# What you are asked to do:
In the records below, find the line that contains "dem Konto des Teilnehmenden gutgeschrieben." and the line that contains "v době vzniku.". Set down exactly those lines and every line between them, and nothing more.

# Material supplied:
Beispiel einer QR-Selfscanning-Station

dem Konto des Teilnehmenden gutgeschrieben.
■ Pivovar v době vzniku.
---
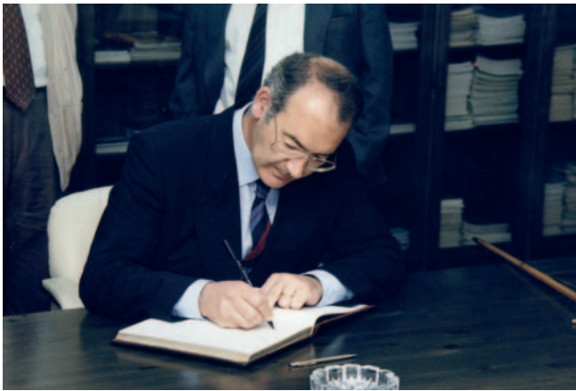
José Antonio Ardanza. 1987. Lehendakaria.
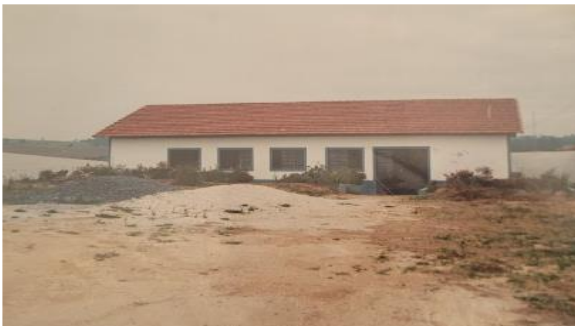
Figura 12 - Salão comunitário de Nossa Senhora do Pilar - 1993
--
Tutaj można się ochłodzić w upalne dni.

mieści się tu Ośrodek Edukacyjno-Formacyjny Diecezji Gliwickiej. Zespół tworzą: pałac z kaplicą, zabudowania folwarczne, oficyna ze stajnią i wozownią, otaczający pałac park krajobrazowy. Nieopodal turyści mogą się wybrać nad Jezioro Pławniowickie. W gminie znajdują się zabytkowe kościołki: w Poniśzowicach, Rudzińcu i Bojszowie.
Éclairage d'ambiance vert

# Answer for this exercise:
dem Konto des Teilnehmenden gutgeschrieben.
■ Pivovar v době vzniku.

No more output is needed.